#### About this task
Given the records underneath, please repeat exactly the lines from the line with "Ανθεκτική υφασμάτινη κατασκευή" through the line with "This paper introduces", passing over any picture.

#### Given data
☆ ☆ ☆ ☆ ☆ ☆ ☆
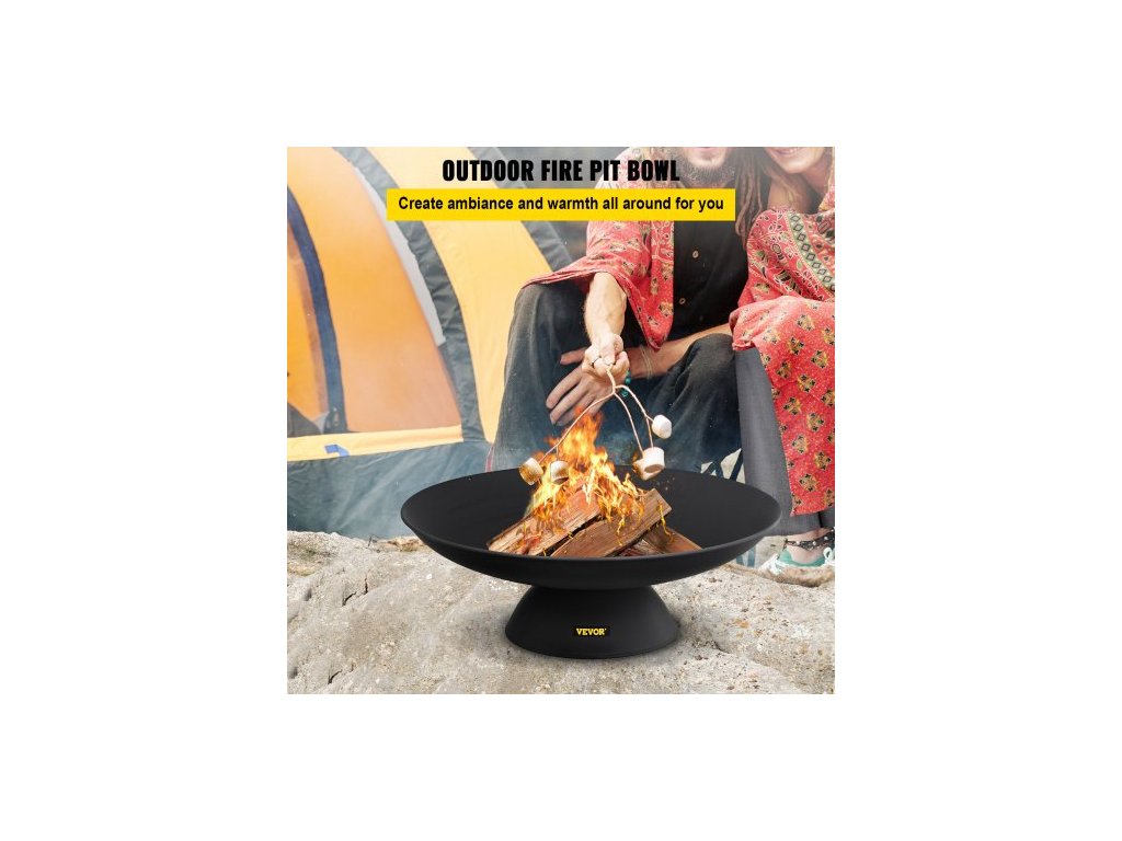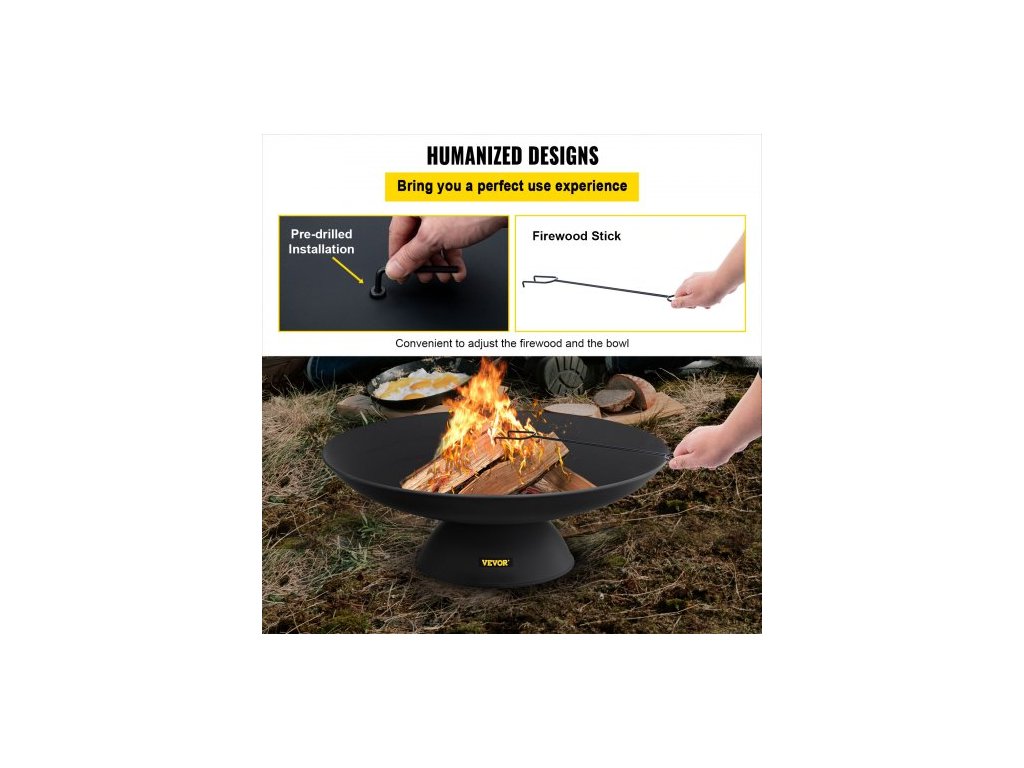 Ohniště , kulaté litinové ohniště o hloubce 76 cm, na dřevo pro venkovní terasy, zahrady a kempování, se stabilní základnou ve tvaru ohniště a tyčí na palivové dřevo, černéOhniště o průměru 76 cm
☆ ☆ ☆ ☆ ☆ ☆ ☆
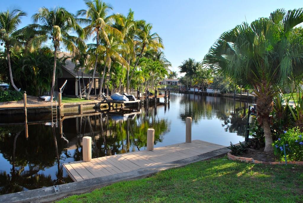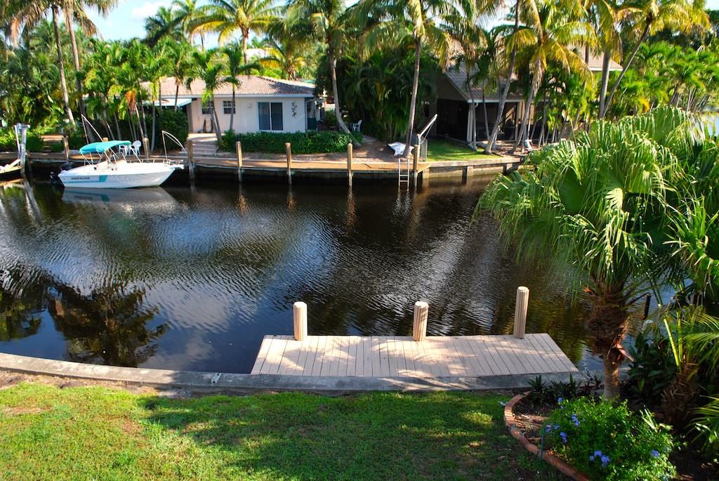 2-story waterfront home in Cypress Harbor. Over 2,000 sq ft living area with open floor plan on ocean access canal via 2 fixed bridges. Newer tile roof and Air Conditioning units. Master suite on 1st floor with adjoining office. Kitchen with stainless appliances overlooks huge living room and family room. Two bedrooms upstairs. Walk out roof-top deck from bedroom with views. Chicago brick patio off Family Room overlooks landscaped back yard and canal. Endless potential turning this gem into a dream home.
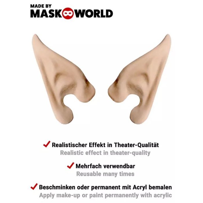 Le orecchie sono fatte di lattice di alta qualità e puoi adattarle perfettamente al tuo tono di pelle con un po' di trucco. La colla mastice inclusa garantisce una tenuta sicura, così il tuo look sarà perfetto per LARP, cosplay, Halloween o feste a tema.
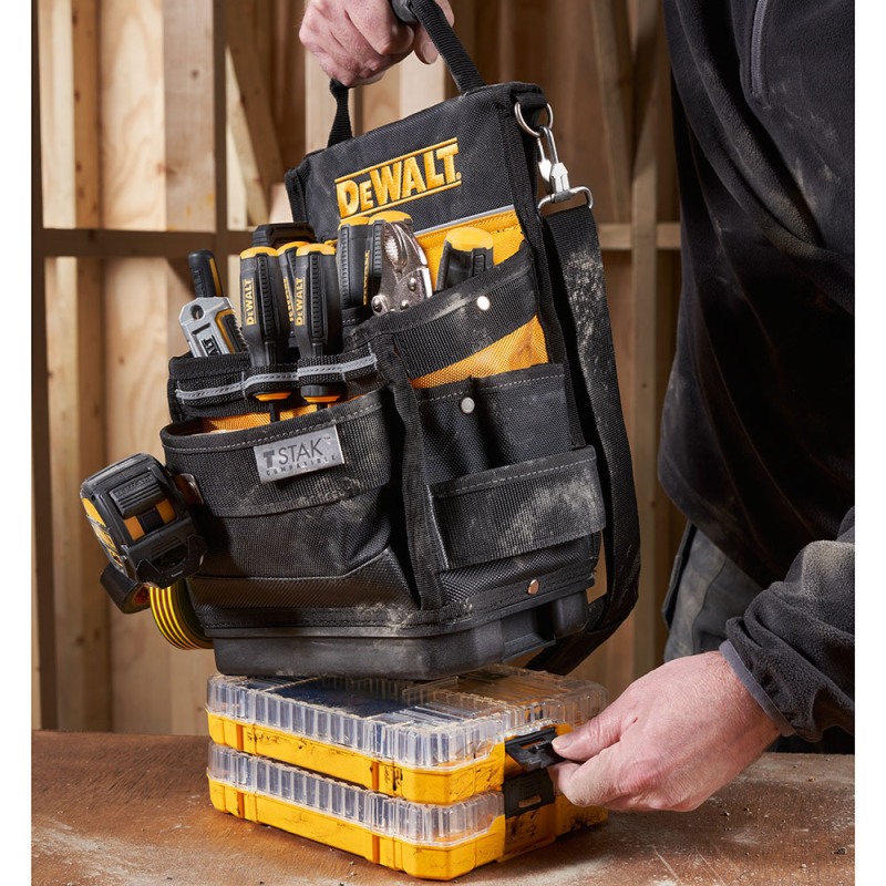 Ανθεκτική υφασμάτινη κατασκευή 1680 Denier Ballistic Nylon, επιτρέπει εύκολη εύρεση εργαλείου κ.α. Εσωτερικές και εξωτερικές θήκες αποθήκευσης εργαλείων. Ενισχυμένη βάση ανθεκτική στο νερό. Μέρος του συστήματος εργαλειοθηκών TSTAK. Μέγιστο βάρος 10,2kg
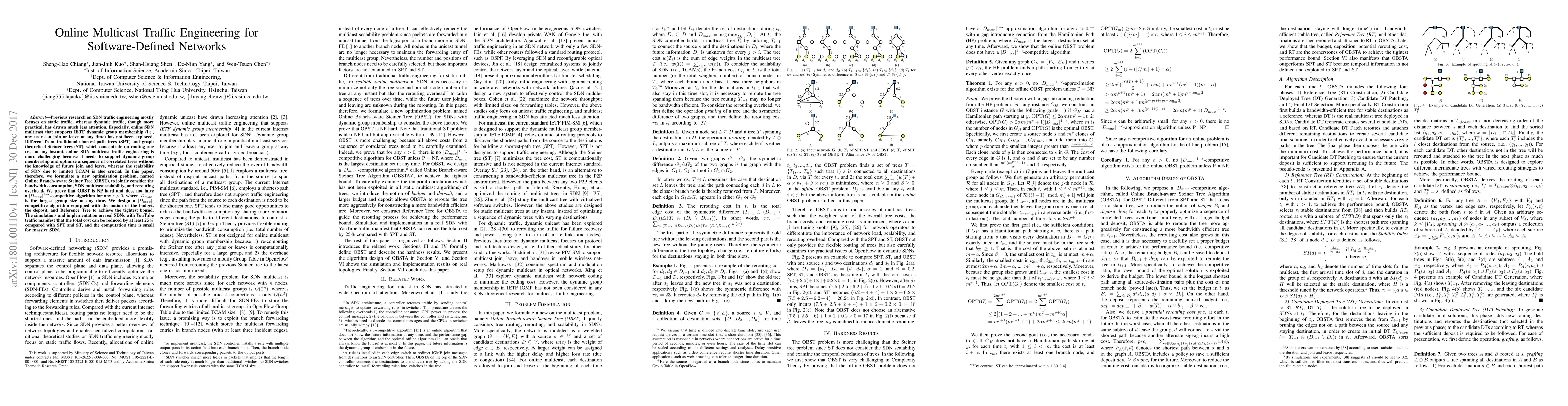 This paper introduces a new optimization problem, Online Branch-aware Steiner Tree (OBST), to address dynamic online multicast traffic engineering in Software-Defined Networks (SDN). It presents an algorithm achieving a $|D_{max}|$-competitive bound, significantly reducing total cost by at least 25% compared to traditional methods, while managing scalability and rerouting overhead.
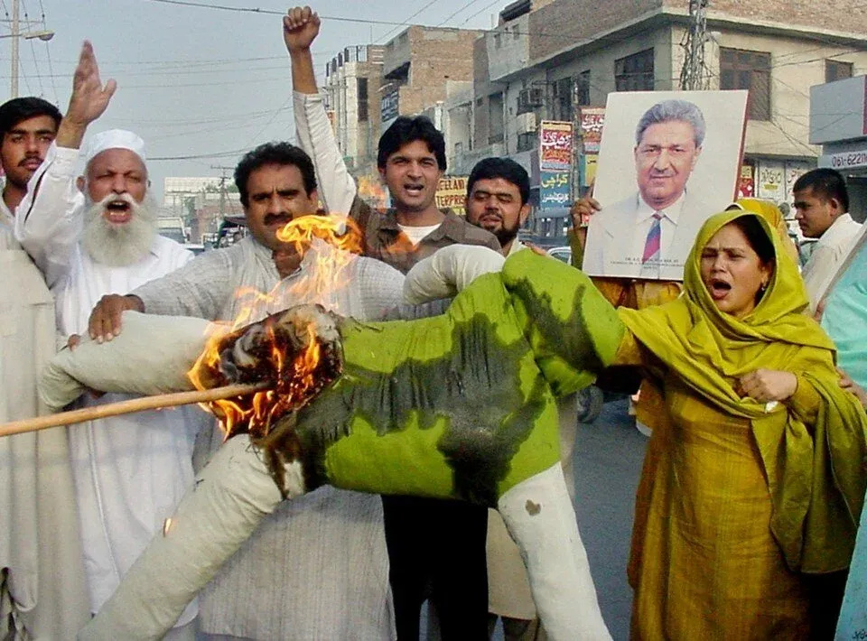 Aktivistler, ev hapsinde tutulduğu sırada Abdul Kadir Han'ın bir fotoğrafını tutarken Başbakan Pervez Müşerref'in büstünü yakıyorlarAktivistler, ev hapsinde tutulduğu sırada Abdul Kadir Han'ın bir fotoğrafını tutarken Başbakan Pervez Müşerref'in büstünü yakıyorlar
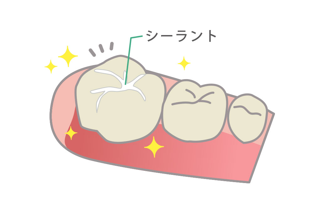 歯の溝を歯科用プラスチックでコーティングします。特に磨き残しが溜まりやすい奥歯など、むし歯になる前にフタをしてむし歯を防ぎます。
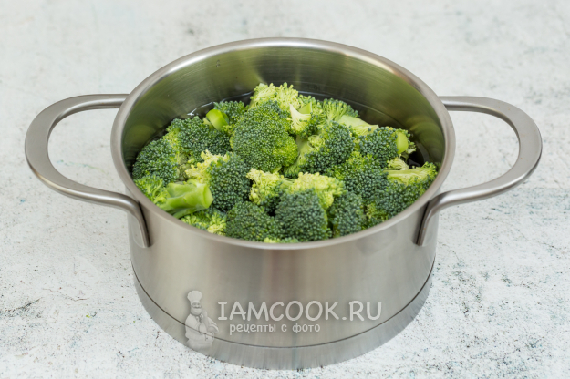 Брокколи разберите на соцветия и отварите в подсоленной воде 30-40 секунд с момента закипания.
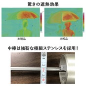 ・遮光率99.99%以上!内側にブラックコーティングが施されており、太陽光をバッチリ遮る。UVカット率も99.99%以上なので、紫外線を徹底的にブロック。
☆ ☆ ☆ ☆ ☆ ☆ ☆
#### Answer to this problem
 Ανθεκτική υφασμάτινη κατασκευή 1680 Denier Ballistic Nylon, επιτρέπει εύκολη εύρεση εργαλείου κ.α. Εσωτερικές και εξωτερικές θήκες αποθήκευσης εργαλείων. Ενισχυμένη βάση ανθεκτική στο νερό. Μέρος του συστήματος εργαλειοθηκών TSTAK. Μέγιστο βάρος 10,2kg
 This paper introduces a new optimization problem, Online Branch-aware Steiner Tree (OBST), to address dynamic online multicast traffic engineering in Software-Defined Networks (SDN). It presents an algorithm achieving a $|D_{max}|$-competitive bound, significantly reducing total cost by at least 25% compared to traditional methods, while managing scalability and rerouting overhead.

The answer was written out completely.